Far from fun, February. But why? “Because it feels like outside is loathing me”. And it is, outside wants you dead. In the face of such vehement opposition, only one course of action can save us: a party. AN EMERGENCY FEBRUARY PARTY. If it’s kill or be killed, kill winter first. Party is a fight for life, and anyone who plans on surviving the winter is invited. Attendance is mandatory. Now, since you are going to be at a party, you had best get your shit together so that you don’t look like some socially inept crusader of lost and forgotten causes, pathetically peddling postfunctional propaganda in a sea of the happy, healthy and hip, like some bad suit wearing lunatic waiting at the outlets of mass transit to distribute dubious documentation and being laughed at. No one likes to be laughed at, especially at a party. No, if you are going to get through this you better have a plan, you must be ready. Fortunately, FEBRUARY PARTY is free of fixed formalities such as dress codes and discussion topics (not to mention locations or timelines or fees), so just by staying alive at least until March you can join in on the fun.

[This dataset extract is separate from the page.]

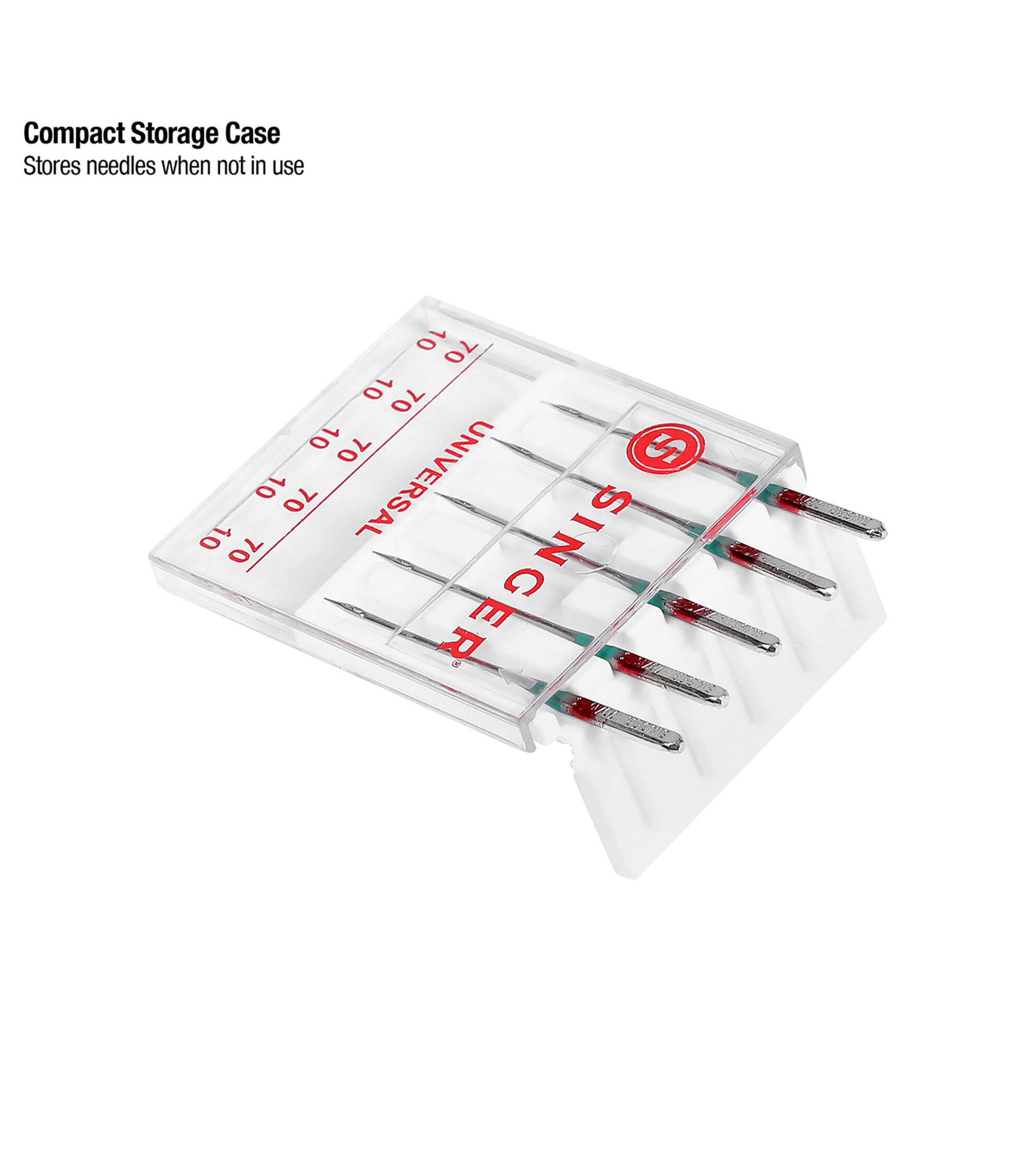- SINGER Universal regular point machine needles for sewing projects using medium weight woven fabrics. Compatible with SINGER, Brother, Kenmore and other quality sewing machines, these all-purpose needles are made of durable stainless steel and designed for basic stitching projects. Pack includes 5 size 90/14 needles. Needles are blue for size recognition and come in a labeled compact case. Domestic machines needles are not compatible with industry sewing machines.

Fortunately, any number of things beginning with the letter F make for fun and exiting activities that will make you a hit at February Party, such as: Filming. Frothing (be it in cups or from the mouth). Fires. Firing weaponry. Fieldtrips. Fucking, (or alternatively if you are a bit of a prude but still do like a little bouncy bouncy now and then). Fornicating. Forming (clay perhaps, or even your own religious sect). Fishing (nothing makes you feel alive like making something else dead). Freezing. Freeing. Formulating mathematical equations. Frog Farming. And that’s just the letter F, and F isn’t a very good letter. You see, you could do anything. The trick is making sure the party keeps on rolling, and then before you know it, it will be March. You could even bring it along into March too if you are having too much fun…

Meanwhile everyone wants to breathe and no one can and many say, “we will breathe later”.
And most of them don’t die because they are already dead.